** SOURCE MATERIAL follows **

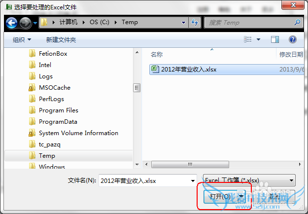 您可以通过使用窗口对话框中找到 Excel 文件,单击文件夹图标 (红色圆圈),打开对话框。
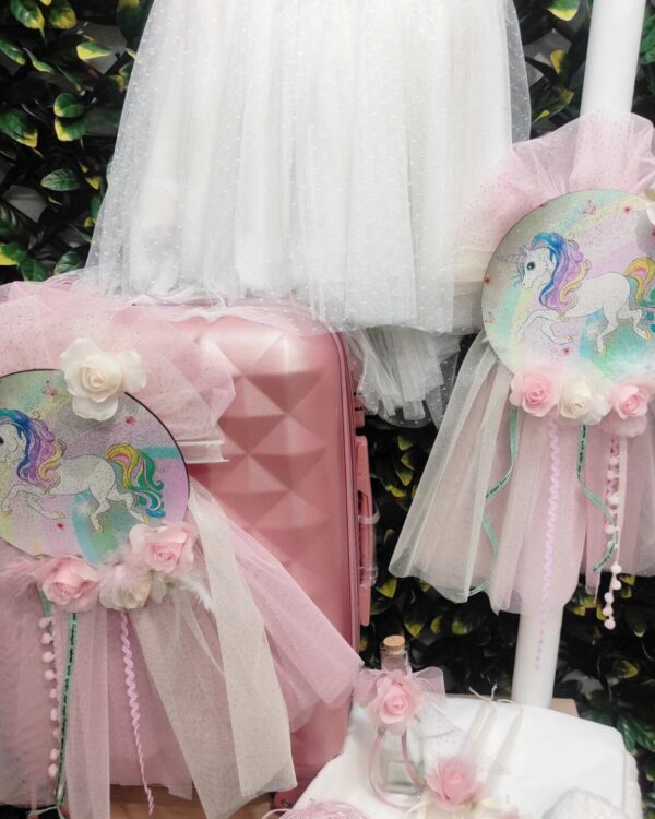 Ολοκληρωμένο πακέτο βάπτισης με θέμα μονόκερος. Το πακέτο περιλαμβάνει τροχήλατη βαλίτσα, λαδόπανα, 3 κεράκια κολυμπήθρας, σαπουνάκι, μπουκαλάκι λαδιού, 50 μαρτυρικά και καλτσούλες.
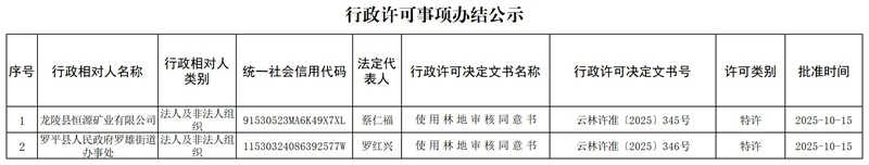 云南省林业和草原局行政许可事项办结公示(2025年10月15日)
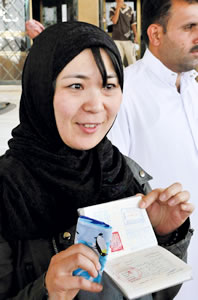 | パスポートを手に、5年ぶりのイラク入国を喜ぶ高遠さん(4月21日) |

** End of SOURCE MATERIAL **

Return the whole listing word for word. Pictures stay out of it.

TASK SOLUTION.
 您可以通过使用窗口对话框中找到 Excel 文件,单击文件夹图标 (红色圆圈),打开对话框。
 Ολοκληρωμένο πακέτο βάπτισης με θέμα μονόκερος. Το πακέτο περιλαμβάνει τροχήλατη βαλίτσα, λαδόπανα, 3 κεράκια κολυμπήθρας, σαπουνάκι, μπουκαλάκι λαδιού, 50 μαρτυρικά και καλτσούλες.
 云南省林业和草原局行政许可事项办结公示(2025年10月15日)
 | パスポートを手に、5年ぶりのイラク入国を喜ぶ高遠さん(4月21日) |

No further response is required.